After some time of silence, in early 2014 the Twin Otter got under active development again. Until today (Jan. 2015), the visuals (mainly the interior, thanks to Patten and the FlightGear PAF team) and the electrical systems reached many improvements. For example, lanbo64 implemented a startup procedure which comes quite close to the reality.

In addition, dg-505 created an extensive tutorial system, which makes it easy to learn the standard operating procedures, and a number of checklists, which are taken from real Twin Otter Checklists. Richard Harrison is currently working on an interior shadow cubemap.

Currently, the Twin Otter is still under active development.
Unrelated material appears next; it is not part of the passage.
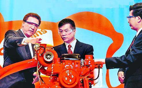![]() 駱家輝(中)參觀康明斯發(fā)動機公司 |

If You are interested in helping to make the Twin Otter even better, You are welcome to join!

Note  Since December 2015 the development of the Twin Otter has moved away from GitHub and over to the official FlightGear FGAddon hangar!

If you want to contribute to the Twin Otter it would be advantageous (but not mandatory!) if you have at least basic knowledge about version control. See FGAddon for details.
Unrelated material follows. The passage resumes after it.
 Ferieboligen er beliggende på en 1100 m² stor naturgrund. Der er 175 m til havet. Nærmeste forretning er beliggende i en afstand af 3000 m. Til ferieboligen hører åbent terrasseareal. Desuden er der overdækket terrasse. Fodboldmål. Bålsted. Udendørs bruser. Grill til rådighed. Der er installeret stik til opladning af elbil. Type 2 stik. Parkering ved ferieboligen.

You also should get into contact with Dg-505 or Bugman.

Review

This section contains a review.   Please note that statements made here are (mostly based on) a single person's opinion.


Note that this review is about the actual version (January 2015), so some things may change in the future.

The appearance

The Twin Otter has a accurately modelled 3D model. It has some details like the nose gear, the hinges for the ailerons/flaps, or the pitot tubes. All control surfaces are animated (ailerons, flaps, elevator, rudder) and the amphibious version has a retractable gear with two nicely modelled floats. The doors are animated and open/close by clicking on it. In the basic version there are some liveries included, which look partly really good. Many more liveries are available in the FlightGear Livery Database.
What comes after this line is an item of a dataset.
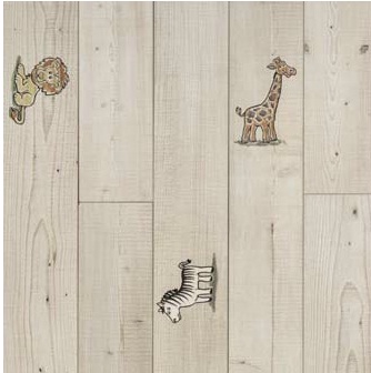 Lowe’s is the only retailer of Pergo MAX – a line of new products launched by Pergo – and the only place you’ll find Zoo Friends. According to the Lowe’s product page, Zoo Friends’ “ultra-realistic design features a blacklight sensitive characteristic; the cosmic stars are mostly visible under normal lighting, but becomes evident when exposed to a blacklight source.”

About the interior I have to say that both the cockpit and the cabin are quite accurate. Both have photo-realistic texturing, which is, at least from my point of view, very important for good optics. The interior gives some attention to detail: For example, the cabin has a extinguisher and a seatbelt/no smoking sign. Same thing in the cockpit: The Twin Otter has a very detailed cockpit with almost every instrument working and most switches animated and functional. In my view, the cockpit textures deserve a special mention. As said, it is photo-realistic textured and some of these textures look slightly worn, which gives the appearance of a pretty old, frequently used aircraft. Hats off to the designer(s), this looks really good and realistic.

Another nice function: If you want to know which instrument is which, you can press Ctrl+C to find out. Then you see also the clickable hotspots in the cockpit.

My personal wishlist concerning the appearance:

  • A bit more detail of the skis
  • A bit more detail of the props
  • Some additional details like antennas, etc.
  • Animation and implementation of the missing switches

Flying the Twin Otter

Starting the engines of the Twin Otter can be done in two different ways: First, using the Autostart button, which is absolutely NOT recommended because it's extremely unrealistic! The second way is by using the checklists/tutorials, which guide you step by step through the procedures. If you aren't familiar with this aircraft and want it realistic, it could take some time to get the engines running.

Due to the powerful engines and the STOL skills, the twin otter flies after only a short time of accelerating on the runway. During the climb, the Twin Otter can prove her excellent climb rate: Near sea level a climb rate more than 1500 fpm is also with full fuel tanks and pax absolutely no problem.

In the air the Twin Otter is quite easy to handle. The reactions to the joystick inputs are direct but not too sensitive. As I haven't flown the Twin Otter in reality, so I can't say precisely how realistic the FDM is. But taking the size, the powerful engines, and the relatively small control surfaces into account, it seems to me, that the creator of the FDM has done a good job, and it comes fairly close to the reality.

The FlightGear Twin Otter is also equipped with an autopilot, which is self-explaining and easy to use, but in general I fly manually, because the aircraft is easy to handle.

Landing the Twin Otter is as easy as the rest of the flight. Just pull the throttles back, slow down, line up in front of the runway, and descent. It's worth mentioning that the flaps work very good, so if you need to descent fast for any reason, you can put full flaps, and descent at -2000 fpm without gaining too much speed.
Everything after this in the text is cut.